Below are some current projects from the McCullough lab:
Ecology and evolution of urban dung beetles
Dung beetles play an essential role in maintaining healthy ecosystems. They degrade and bury animal waste, which aerates and restores nutrients to the soil, promotes plant growth, controls populations of dung-dwelling flies and parasites, and improves soil structure. The benefits of these ecosystem services are estimated at $5.9 billion per year in the United States, so protecting dung beetle communities is ecologically and economically important. We are conducting field surveys to characterize the abundance and diversity of dung beetles in urban parks and forests in Massachusetts, including at Clark’s Hadwen Arboretum just half a mile from campus. One of the most abundant beetles from our pitfall traps is the tunneling species Onthophagus orpheus, a beautiful, iridescent beetle that is native to forested areas of the eastern United States. We are studying its evolutionary ecology and using it as a model to learn about the impact of urbanization on sexual selection and behavior.

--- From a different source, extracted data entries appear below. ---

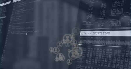 Image of profile icons over encryption text with glitch technique and circuit board pattern. Digitally generated, hologram, television, codes, security, protection, cryptography and technology.
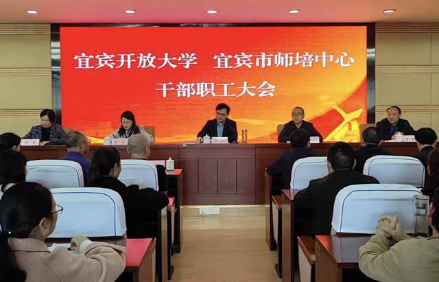 3月30日下午,宜賓開放大學(市師培中心)召開干部職工大會。市委常委、市政府副市長李翔,市委教育工委委員、市教育體育局黨組成員、副局長向慶明,市委組織部干部三科科長易丹出席會議并宣布市委、市政府任免文件,姜波同志任宜賓開放大學(市師培中心)黨委副書記、校長(主任)。受學校黨委書記蘭亞賓委托,黨委委員、副校長陳林主持會議。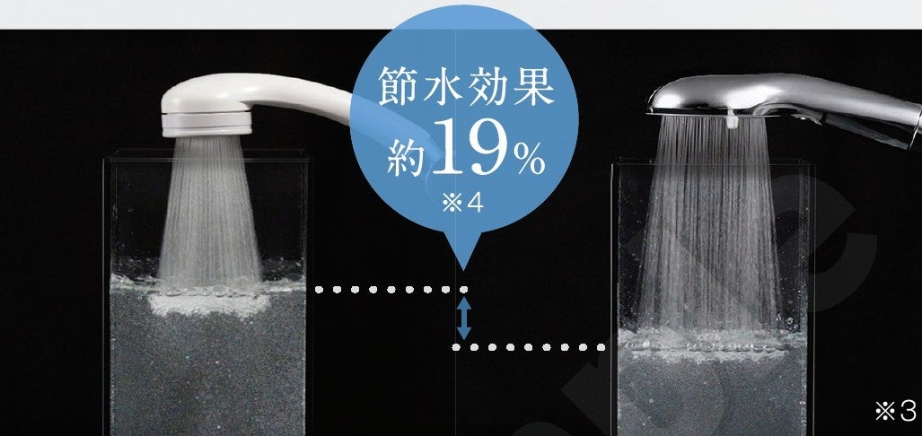 しっかりとした浴び心地を維持しながら、従来品と比較して約19%※の節水効果を実現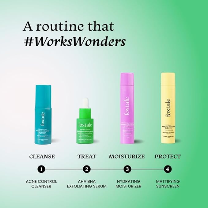 - Complete acne control treatment: This multitasking exfoliating serum works on past, present, and future acne. It fades out spots & marks, reduces inflammation and clears out active acne, and prevents future acne as well.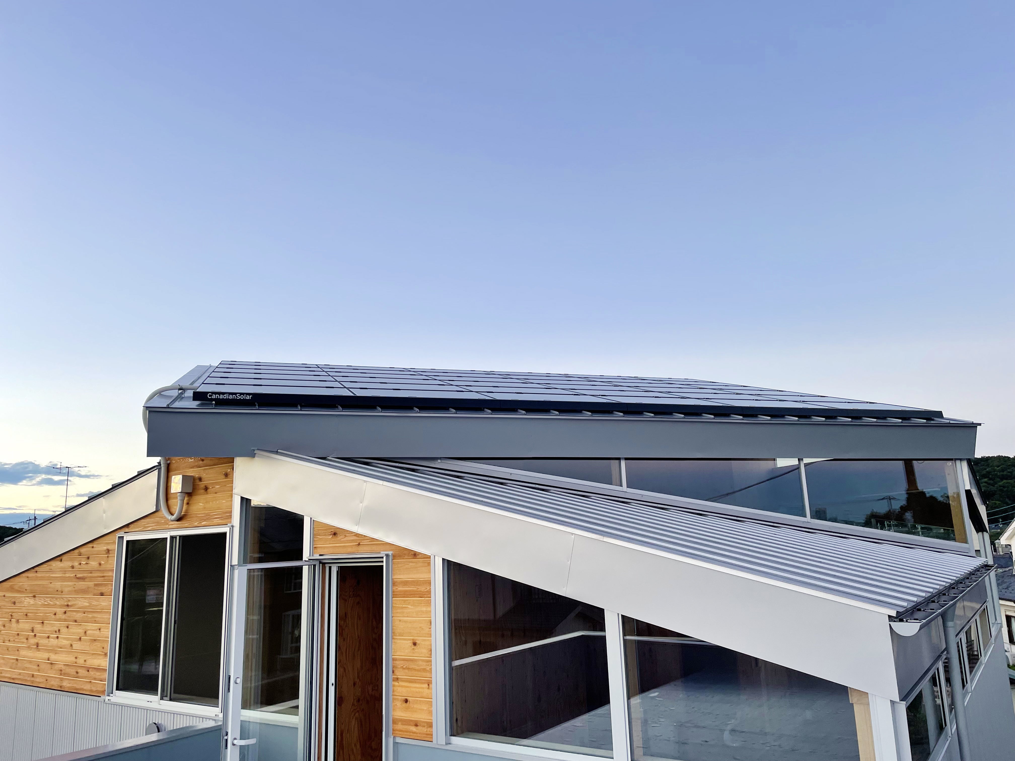 ソーラーパネルが乗ってる屋根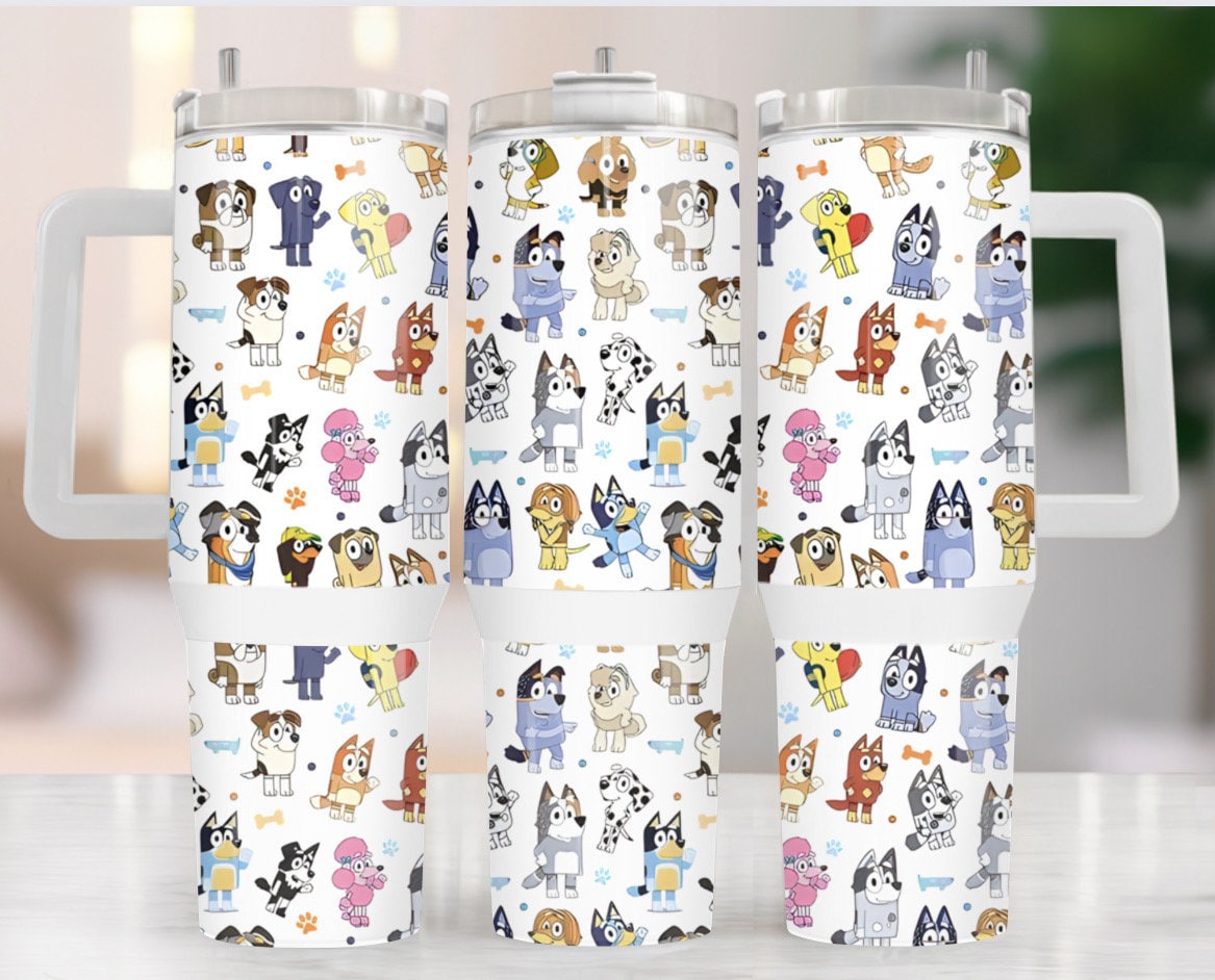 Bluey Cartoon Custom Quencher 30oz or 40oz Stainless Steel Tumbler With Handle HG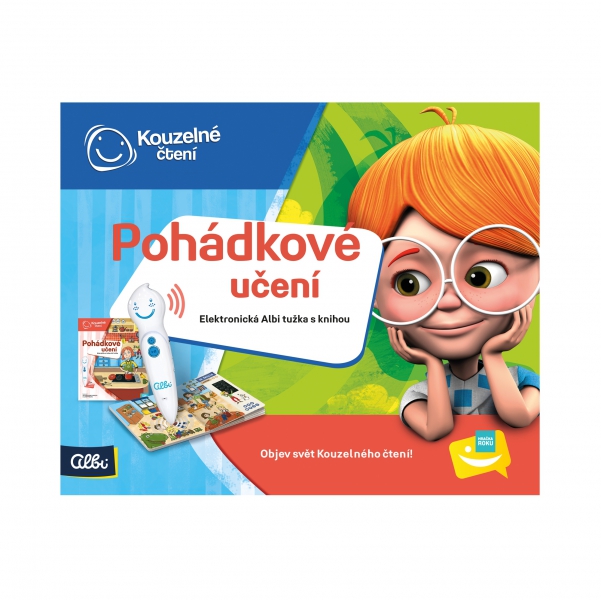 Interaktivní mluvící kniha Pohádkové učení s Elektronickou Albi tužkou z edice Kouzelné čtení seznámí děti předškolního věku s barvami, tvary, části těla, čísly nebo třeba protiklady. Celou knihou je doprovodí skřítek Zvídálek. Veselého skřítka zajímá úplně všechno a nebojí se zapojit ani do práce na zahrádce. Zavede děti i do divadla nebo na nákup, navštíví s nimi pana doktora i mateřskou školku.

Form and function of animal weapons
Animal weapons differ widely among species, but the drivers of this diversity remain poorly understood. Horns, antlers, and claws are “tools” that males use to pinch, pry, and strike opponents in combat, so the most intuitive explanation for weapon diversity is that it reflects structural adaptations to different fighting styles. That is, differences in the way males fight, or in where they fight, may favor corresponding changes in weapon form. Because weapons are used as tools, they can experience substantial stresses and strains during fights that ultimately cause them to break. We are studying the costs and consequences of weapon damage across the animal kingdom, and how the likelihood of breakage influences the evolution of fighting behavior within and among species. We also study the scaling relationships between weapon size and body size, and how these allometric patterns depend on the relative importance of physical fighting versus aggressive signaling.
Reproductive physiology and the evolution of ejaculate-female interactions
Sexual selection in general, and post-mating sexual selection in particular, is a powerful engine of speciation due to the coevolution of male and female reproductive traits. In species with internal fertilization, successful reproduction depends on highly coordinated interactions between male and female reproductive proteins that occur within the female reproductive tract. These proteins are among the most rapidly evolving proteins in the animal kingdom, so coevolution between male and female reproductive proteins is expected to drive specific molecular interactions within species and reproductive incompatibilities between species. However, the nature of these interactions is understudied. In many species, sperm are also stored within the female’s reproductive tract for extended periods of time before being used for fertilization, and molecular contributions from females are essential for maintaining sperm motility and metabolism. Our research uses quantitative proteomics to study these ejaculate-female interactions and their importance in maintaining species boundaries and mediating reproductive outcomes.